Пока Синди рассказывал, я заметил, что за нами следят. На минимально почтительном расстоянии от нашего столика стоял оборванец лет двенадцати. С точностью опытного официанта определив тот момент, когда клиент сыт, он двинулся по направлению к Синди, обнаруживая при этом сильную хромоту – видимо, следствие перенесенного в детстве полимиелита или еще чего-нибудь, чем в Америке давным-давно не болеют. «Terminou?»[32 - Закончили?] Синди еле кивнул и, не глядя на попрошайку, отодвинул к краю стола тарелку с недоеденным битоком[33 - Bitoque – бифштекс с глазуньей сверху.]. Парень подставил нижний край футболки, одним движением сгреб в него все остатки пищи и заковылял прочь.

Когда стемнело, мы вышли на набережную, где воздух то и дело прорезали летучие мыши, и Синди принялся пересказывать другую местную легенду. Однако в ходе пересказа выяснилось, что это не легенда, а философский трактат, написанный известным философом из Румынии, нет, из Сербии. Словом, откуда-то из Восточной Европы. Трактат назывался «Каково быть летучей мышью?». Синди не помнил толком, о чем там шла речь, но это не мешало ему блистать эрудицией перед новым подчиненным. «Каково быть летучей мышью? – вдохновенно вопрошал Синди. – А медузой? Каково быть медузой? А воздушным змеем? Если человек никогда не задается подобными вопросами, значит, этому человеку попросту не хватает воображения, чтобы испытать священный ужас перед полнотой мироздания. Вот о чем писал философ из Сербии. К сожалению, я запамятовал его имя»[34 - «Каково быть летучей мышью?» – знаменитое эссе Томаса Нагеля, американского философа сербского происхождения. Содержит рассуждение о нередуцируемости субъективного опыта (например, невозможности постижения человеком субъективного смысла эхолокации). То, о чем говорит Синди, не имеет никакого отношения к теме эссе.]. Слушая разглагольствования моего нового начальника, я думал, что на него, по-видимому, будет нелегко работать. Думал и о том, что, как только Синди отвезет меня обратно в гостиницу и я останусь один за столиком у бассейна, мной наверняка снова овладеет ужас – не священный, а самый обыкновенный, ужас человека не на своем месте, не знающего, где его место. И что с этим ужасом надо как-то учиться жить.

***

Первое время после рождения Эндрю мы жили в Виллидже, рядом с пересечением Макдугал и Западной Четвертой. Вместо того чтобы выйти в декрет, а по истечении оплачиваемого срока уволиться, как делали многие из ее сотрудниц, Лена уволилась с работы на шестом месяце беременности. «Не могла подождать два месяца? – пенял я ей в пылу семейной ссоры. – Сейчас бы точно так же сидела дома и получала бы за это деньги». И тут же шел на попятную: вообще-то я очень рад, что она дома, роль дизайнера-домохозяйки ей к лицу. Каждое утро она гуляла с Эндрю в Вашингтон-сквер-парке. Послеродовые гормональные изменения творили чудеса: от ее замкнутости не осталось и следа. Теперь она проявляла недюжинную общительность, заводя знакомства с другими молодыми матерями, которых она встречала во время своих прогулок. Я только диву давался: за все годы жизни в Нью-Йорке я никогда не видел в Вашингтон-сквер-парке никаких молодых матерей. Как правило, там ошивались бомжи и наркоманы. Над кустами плыл запах анаши, вокруг скамеек валялись шприцы.

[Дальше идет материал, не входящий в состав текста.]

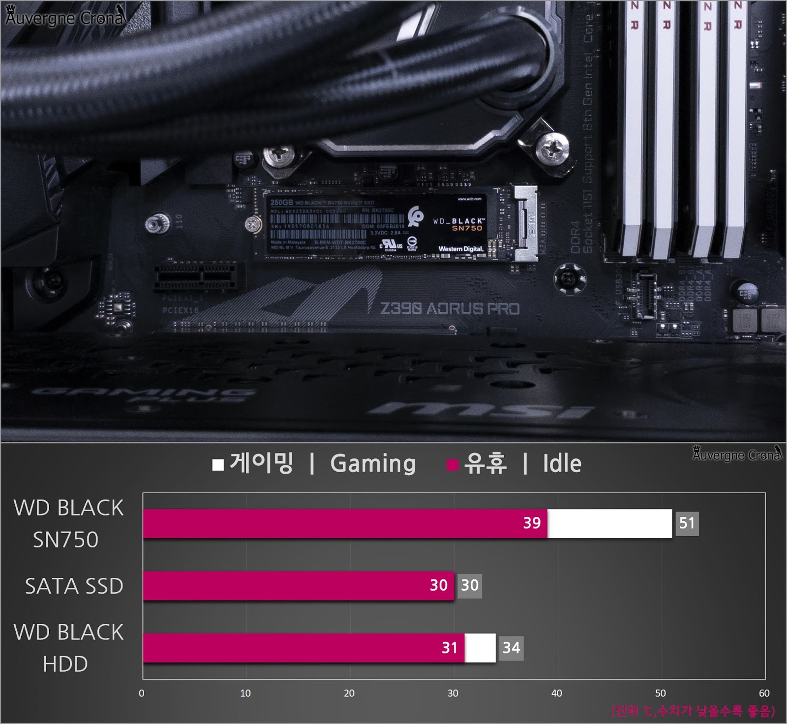 ¡ã ¾à 1~2½Ã°£ Á¤µµ, ¸ÅÄ¡¸¦ ¸ðµÎ Ç÷¹ÀÌÇÏ°í ³­ ÈÄ, °¢ ÀúÀå ÀåÄ¡ÀÇ ¿Âµµ¸¦ ÃøÁ¤Çß½À´Ï´Ù. ÃøÁ¤ ÇÁ·Î±×·¥Àº CPUID HWMonitor°¡ »ç¿ëµÇ¾ú½À´Ï´Ù. SATA SSD¿Í HDD´Â ÄÉÀ̽º ÇÏ´Ü¿¡¼­ º°µµÀÇ Äð¸µÀ» ¹ÞÁö¸¸, SN750Àº ÇÁ·Î¼¼¼­ ¹Ù·Î ¾Æ·¡¿¡ ÀåÂøµÇ¾î ÀÖ¾î, ¾Æ¹«·¡µµ ¹ß¿­À» ÇØ¼ÒÇϱ⠽±Áö ¾Ê½À´Ï´Ù. ±×·³¿¡µµ ºÒ±¸Çϰí, °ÔÀÌ¹Ö ½Ã ÃÖ´ë 51µµ¸¦ ±â·ÏÇßÀ¸¸ç, À¯ÈÞ ½Ã¿¡´Â 39µµ·Î ÃøÁ¤µÇ¾ú½À´Ï´Ù. ÇØ´ç ¸ðµ¨Àº ¹æ¿­ÆÇÀÌ Å¾ÀçµÇÁö ¾ÊÀº ¸ðµ¨·Î, 500GB¿Í 1TB ÀÌ»óºÎÅÍ EKWBÀÇ ¹æ¿­ÆÇÀÌ ¿É¼ÇÀ¸·Î ´Þ¸®±â ¶§¹®¿¡, ¿Âµµ¿¡ ¹Î°¨ÇϽôٸé Àû±Ø Ãßõµå¸³´Ï´Ù. ¸ÞÀκ¸µå¿¡ µ¿ºÀµÈ ¹æ¿­ÆÇÀ¸·Îµµ ÃøÁ¤ÇغÃÀ¸¸ç, ÃÖ°í 45µµ¸¦ ±â·ÏÇß½À´Ï´Ù.

– Ты уверена, что это подходящее место для прогулок с ребенком?

– А где ты предлагаешь мне гулять?

– Не знаю, Нью-Йорк большой. Можно, например, в Централ-парке.

– До Централ-парка надо ехать на метро. Я одна коляску в метро не затащу. А ты всегда на работе. Вот если б мы жили в Покипси, рядом с мамой и бабушкой…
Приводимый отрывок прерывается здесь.